Tipp: Nutzen Sie die Beispiel-Fragen in den Akkordeons als Startpunkt.
Diakonie erlebbar machen
Nachwuchsförderung beginnt dort, wo Menschen Sozialdiakonie konkret erleben – nicht nur davon hören. Begegnungsformate und gute Brücken zu Ausbildungsstätten machen Diakonie sichtbar, erlebbar und als berufliche Perspektive anschlussfähig.
1. Begegnung schafft Berufung
Worum es geht: Die überzeugendste Nachwuchswerbung entsteht dort, wo Menschen Diakonie live erfahren – an öffentlichen Anlässen und in echten Mitwirkungsrollen.
Begegnung nach aussen
- Präsenz an Berufs- und Bildungsmessen sowie an öffentlichen Anlässen
- Mitmach-Formate am nationalen Zukunftstag (praxisnah, niedrigschwellig)
- Einblicke, die auch Personen erreichen, die bisher wenig Kirchenbezug haben
Begegnung nach innen
- Schnupperangebote & Orientierungspraktika (1 Tag bis mehrere Wochen)
- Engagements in Jugend- und Freiwilligenarbeit – mit klaren Aufgaben
- Mitwirkungs- und Mitleitungsaufgaben: Diakonie nicht nur beobachten, sondern mitgestalten
Kommunikation, die ankommt
- Social Media, kurze Videos und kompakte Flyer – konkret, authentisch, menschen-nah
- Klare Zuständigkeiten und bewusst gesprochene Ressourcen durch die Kirchenleitung
Bot-Fragen (Beispiele):
- Welche Kantonalkirchen sind an Berufsmessen präsent – und wo finde ich Material dazu?

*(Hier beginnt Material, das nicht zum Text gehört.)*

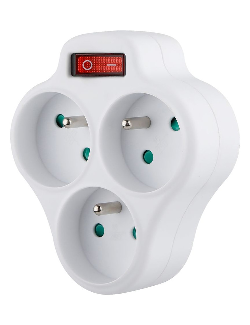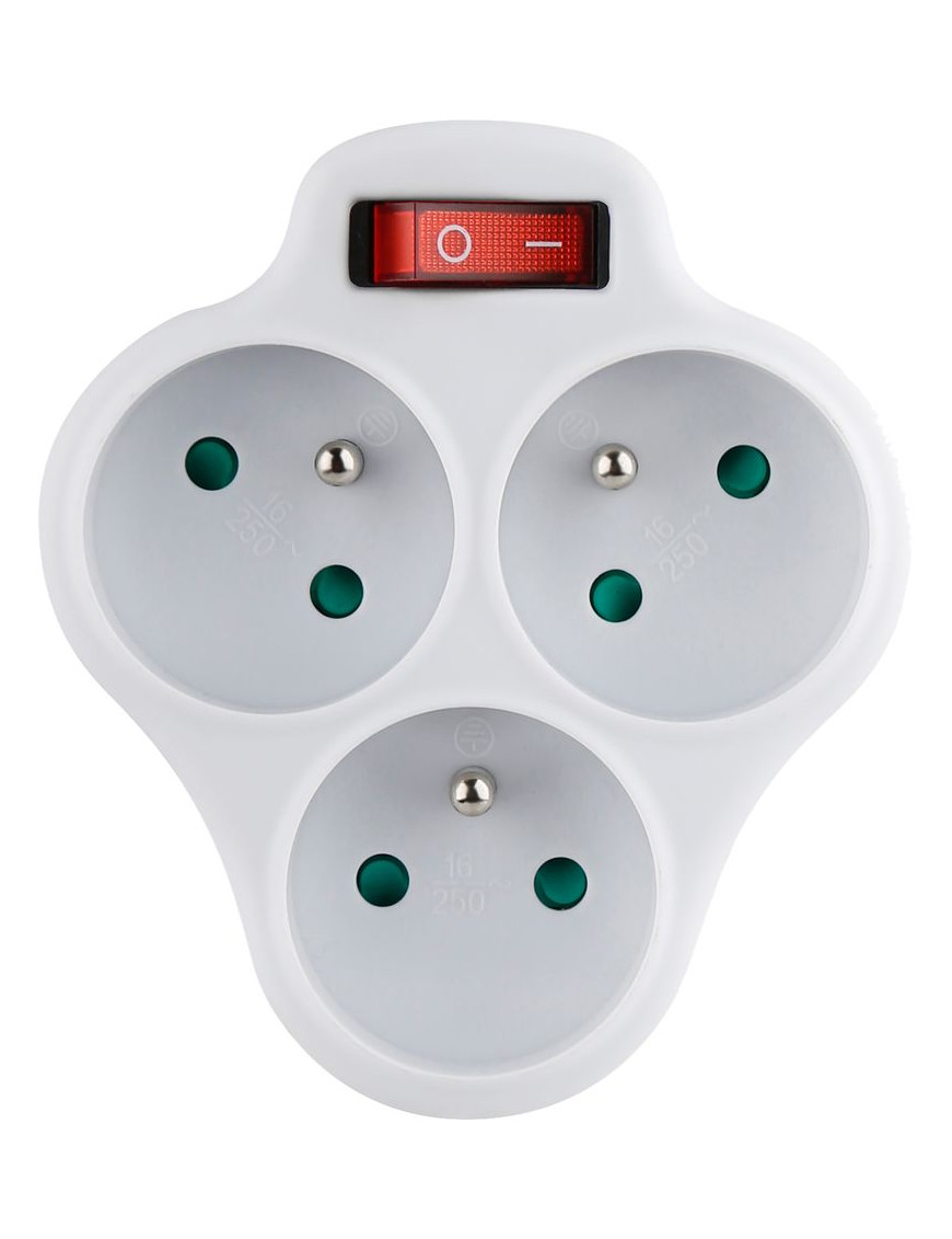 Zásuvka Strend Pro, rozbočovacia, biela, 3x 16 A, vypínač
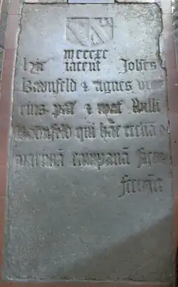 - "MCCCXC. Hic jacent Joh(ann)es Baunfeld et Agnes uxor eius, pat(er) et mat(er) Will(ielm)i Baunfeld, qui ha(n)c eccl(es)ia(m) et maxima(m) campana(m) fieri fecer(u)nt" ("1390. Here lie John Bampfield and Agnes his wife, the father and mother of William Bampfield, who caused to come into being this church and the greatest bell"). The arms are Bampfield impaling Pederton: Argent, a bend gules between three lion's heads erased and ducally crowned sable.[23]

- Welche Kirchen bieten Schnupperangebote oder Orientierungspraktika an?
- Gibt es Beispiele für Social-Media-Auftritte zur Nachwuchsförderung?
2. Brücken bauen zu Ausbildungsstätten
Worum es geht: In der Deutschschweiz baut Sozialdiakonie auf sozialfachliche Ausbildungen auf. Studierende und Absolvent:innen sozialer Berufe bringen viel mit – kennen das kirchliche Arbeitsfeld aber oft kaum.
So werden Ausbildungsstätten zu Partnerinnen
- Stellen- und Praktikumsangebote gezielt auf Plattformen von Ausbildungsstätten platzieren
- Systematischen Austausch mit Dozierenden pflegen (Fachgespräche, Einladungen, Hospitationen)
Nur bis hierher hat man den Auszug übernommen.